Flow batteries, a decades-old technology, are seeing a comeback. Instead of solid electrodes, flow batteries use two liquid electrolytes that react as they flow through cells. They have the advantage of quick response time, long cycle life, and tolerance to overcharging, but the energy density is lower than many portable batteries. The technology is viable but has not been widely tested. That could change with Primus Power’s 25 MW modular zinc-chlorine flow-battery system being built in California’s Modesto Irrigation District.

Others are developing novel battery chemistries. Boston, Mass.-based Pellion is working on magnesium-ion batteries. General Electric has opened a factory to make a new battery based on two-decades-old nickel-sodium-chloride chemistry. Pittsburgh, Pa.-based Aquion Energy is close to starting large-scale manufacture of its sodium-ion batteries.
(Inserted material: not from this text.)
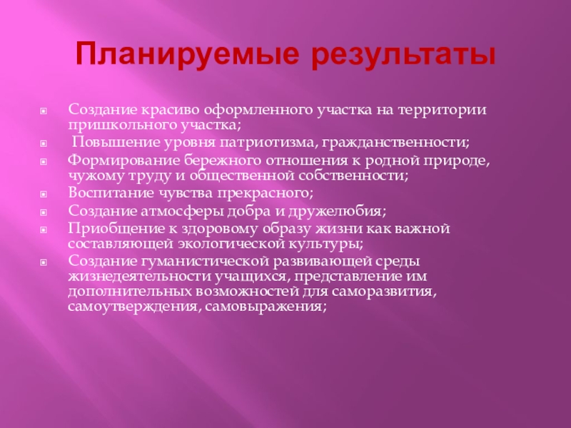 Создание красиво оформленного участка на территории пришкольного участка;

Still others, such as Axion Power, are combining lead-acid battery chemistry with electrochemical capacitors to create hybrid devices that quickly absorb and release charge.

Chiang, meanwhile, is working on a battery that uses flow battery architecture but replaces conventional aqueous solution electrolytes with suspensions of solid lithium materials, which have at least 10 times higher energy density. The design would be low-cost because it is easier to manufacture and needs fewer components than lithium-ion devices. “One thing to keep in mind is you need to address both the numerator and denominator of dollars-per-kilowatt-hour,” he said. “The most interesting opportunities for batteries are going to involve both new, interesting materials science as well as innovative device design.”